Są skrzyżowania, na których od czasu ich powstania nigdy nie doszło do żadnej kolizji drogowej, ale są i takie, gdzie stłuczki się ciągle zdarzają. To jest sygnał, że coś jest nie tak. Mieszkańcy Czyżkówka zaalarmowali nas, że niebezpieczne skrzyżowanie mają pod oknami. Chodzi o przecięcie ulic Koronowskiej i Krajeńskiej.
Ulica Koronowska staje się w tym miejscu drogą podporządkowaną, ale informacja o tym nie dociera skutecznie do wszystkich prowadzących pojazdy.
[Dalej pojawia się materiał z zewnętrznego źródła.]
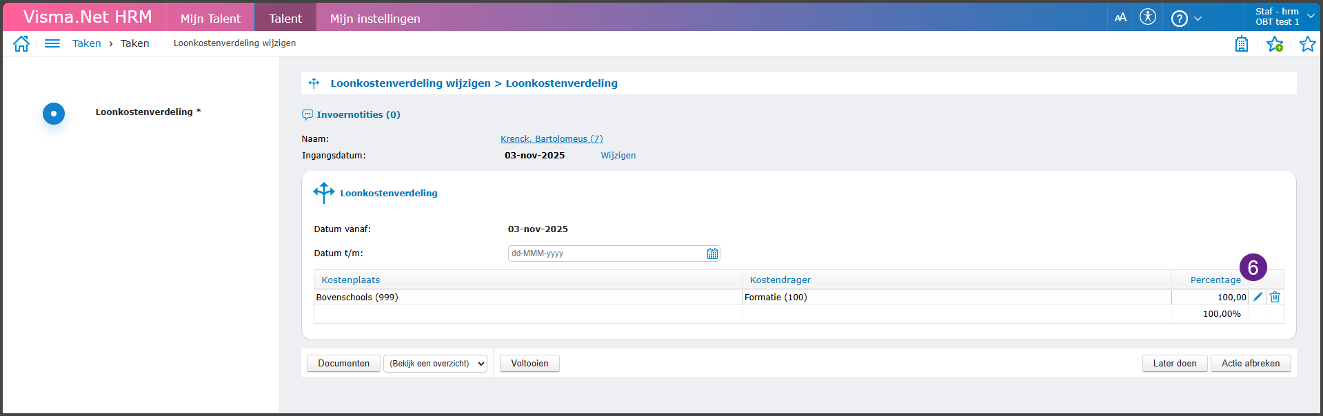 - Klik op het pennetje om de huidige loonkostenverdeling aan te passen.
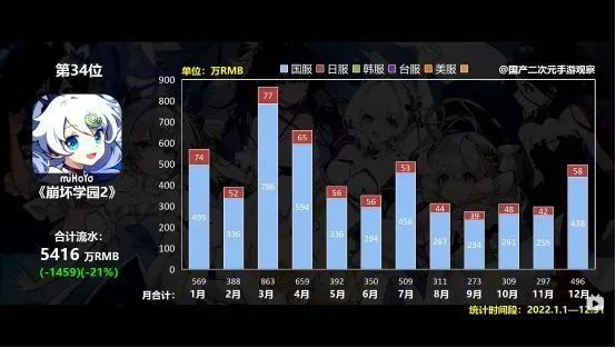在米哈游至今发行过的非买断制的游戏中,没有任何一款关停,最老的《崩坏学园2》已经上线9年,依旧在收割玩家的钱包,并且流水依然不低,在2022年有5416万营收。
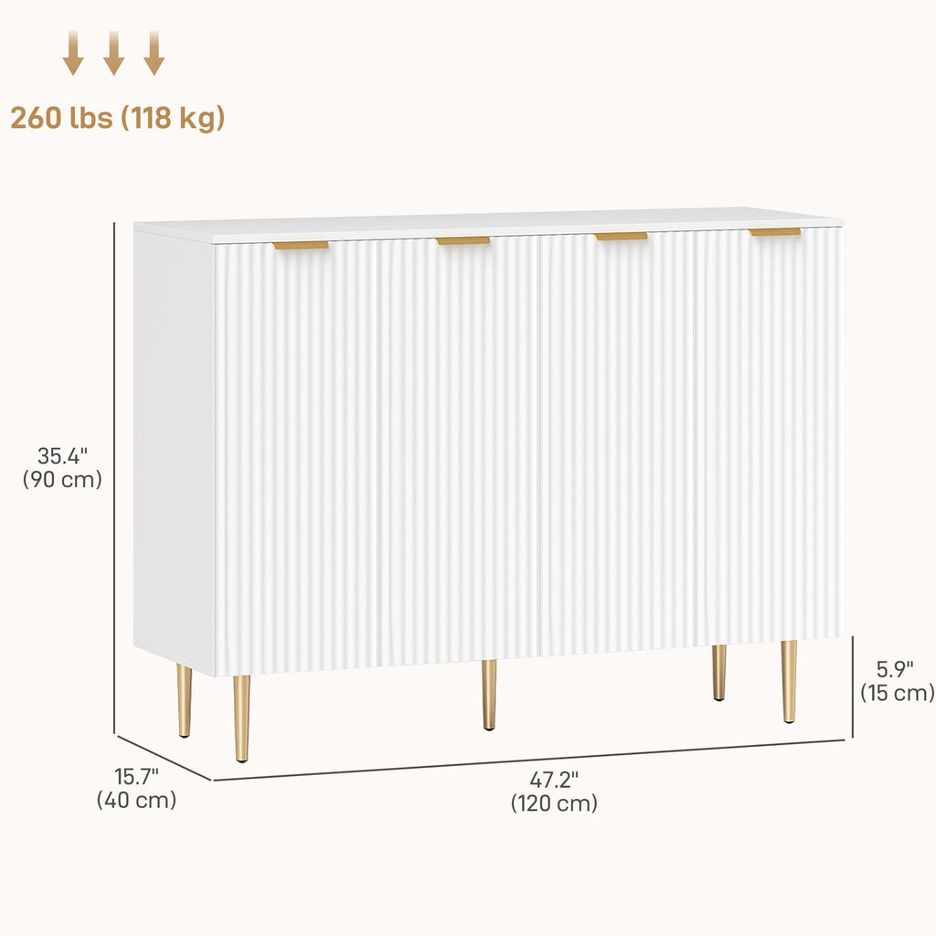 This buffet cabinet offers a spacious and practical storage solution, perfect for organizing your kitchen, dining room, or living area. With two double-door cabinets, it provides generous space for daily accessories, utensils, and other essentials, enhancing your overall storage capabilities. The cabinet features adjustable inner shelves that can be set to three different heights, offering flexibility for storing items of various sizes. Its elegant fluted design adds a modern touch to your home, making it a versatile piece that works perfectly as a stylish sideboard or a chic coffee cabinet. Crafted from durable painted MDF, this buffet is easy to maintain and built for lasting use. The elevated metal legs make cleaning a breeze, while the anti-tipping design ensures added safety. Adjustable foot pads further enhance the cabinet's stability, making it both a practical and attractive addition to your home. With overall dimensions of 47.2"W x 15.7"D x 35.4"H and a weight capacity of 260 lbs, this buffet cabinet offers both functionality and elegance for any living space.

Prawdopodobnie z tego powodu, że znak ?stop? tuż przed krzyżówką jest zasłonięty przez rosnące przy ulicy drzewa.
Mieszkaniec najbliżej położonego skrzyżowania Koronowska-Krajeńska domu twierdzi, że policzył i mu wyszło, że miało tu miejsce 14 wypadków, na szczęście ani jednego śmiertelnego, chociaż kilka wyglądało naprawdę groźnie.
- W tym roku nie odnotowaliśmy żadnego zdarzenia drogowego na skrzyżowaniu ulic Koronowskiej i Krajeńskiej. Natomiast w 2013 roku miały tam miejsce 3 zdarzenia drogowe, to jest jeden wypadek, gdzie odniosła obrażenia jedna osoba oraz dwie kolizje drogowe ? poinformował nas mł. asp. Przemysław Słomski z KWP w Bydgoszczy.
Przypuszczalnie nie za każdym razem zawiadamiano policję, gdy coś się w tym miejscu wydarzyło. Tak czy owak, można uznać to skrzyżowanie za ?wypadkowe?. Zdaniem naszych czytelników, aby zniwelować niebezpieczeństwo kolizji, wystarczy umieścić na Koronowskiej 50 m przed dojazdem do Krajeńskiej ?leżącego policjanta?, który zmusi do ograniczenia prędkości 50 metrów przed skrzyżowaniem do 20 km/h.
Wszystko w rękach dyrektora Mirosława Kozłowicza z ZDMiKP.